Diabetes Tipo 1: tratamento foi tema na Câmara Municipal de São Paulo

No último dia 08 de maio, a Câmara Municipal de São Paulo promoveu o XXXIV Ciclo de Debate Município Saudável que teve como tema “Discutindo a situação do diabetes tipo 1 no Brasil”. O objetivo era dar oportunidade aos especialistas de discutirem alternativas para o controle do Diabetes tipo 1 no país, conhecida também como diabetes insulinodependente, diabetes infanto-juvenil e diabetes imunomediado.

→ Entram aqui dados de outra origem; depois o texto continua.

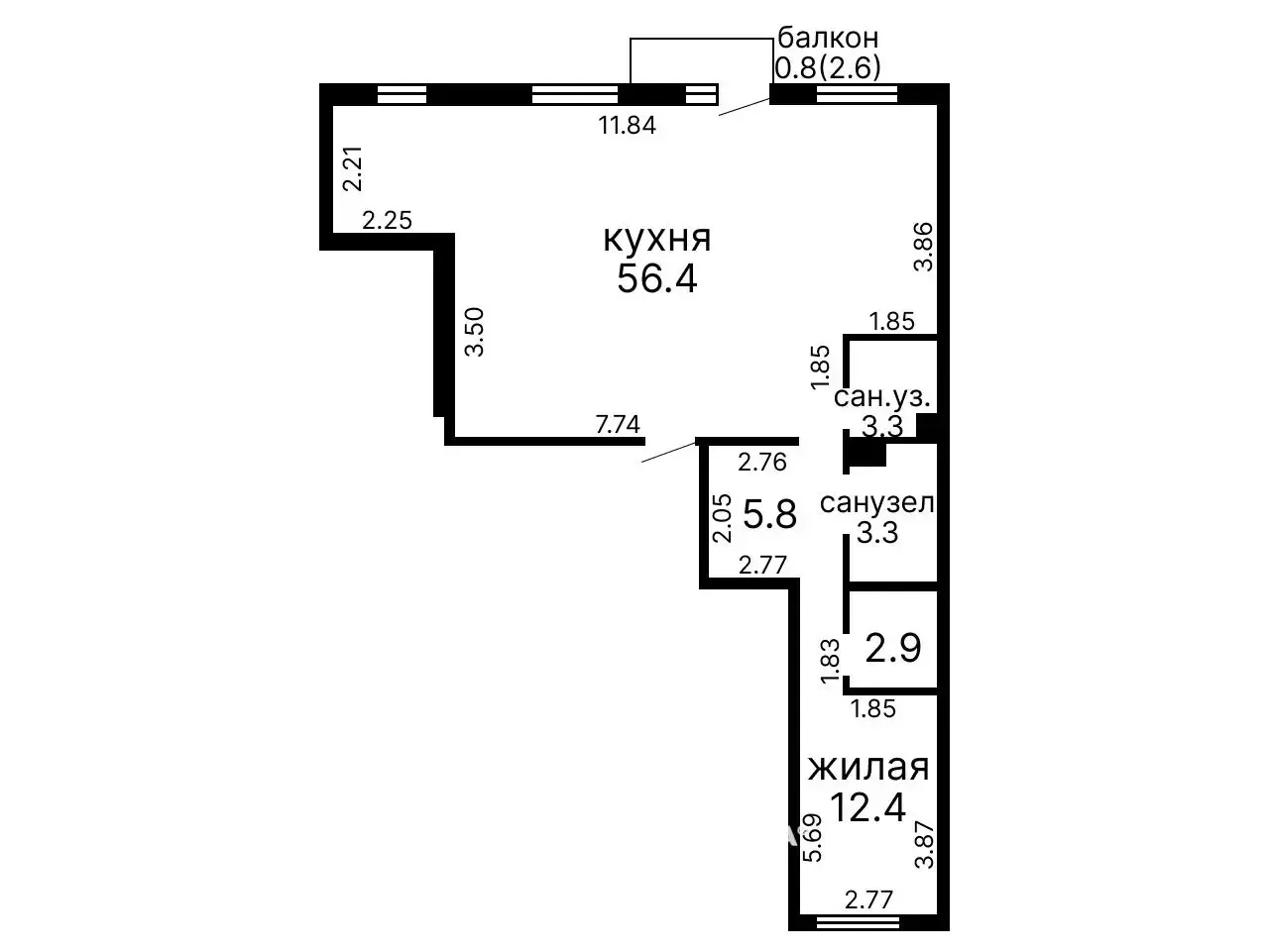 - ✔ Общая площадь по СНБ - 84,2 м²

A iniciativa partiu das sociedades médicas como SBD, SBEM, Sociedade Brasileira de Pediatria, ANAD e FENAD, junto com o médico e vereador Gilberto Natalini. A SBD foi representada pelo presidente Dr. Walter Minicucci e pela Dra. Karla Melo, coordenadora do Departamento de Saúde Pública da entidade. Também participaram da mesa representantes da Secretaria Municipal e Estadual de Saúde, do Ministério da Saúde e da ADJ Brasil.

O ponto focal, de acordo com o Dr. Walter Minicucci, é compreender que existem dois grupos de pacientes com diabetes tipo 1 no Brasil: aquele que tem condição de um tratamento de qualidade, pois a questão financeira não é um impedimento, e outro que abrange uma parcela maior da população, que depende das insulinas NPH Humana e Regular Humana Rápida e de glicosímetros disponíveis no SUS. “O que estamos discutindo aqui é o Análogo de Ação Rápida para alguns grupos de pacientes com Diabetes do Tipo 1. Embora não melhorem tanto o controle glicêmico, tira essas pessoas do risco de morte por hipoglicemia, de hipoglicemias severas”, explicou.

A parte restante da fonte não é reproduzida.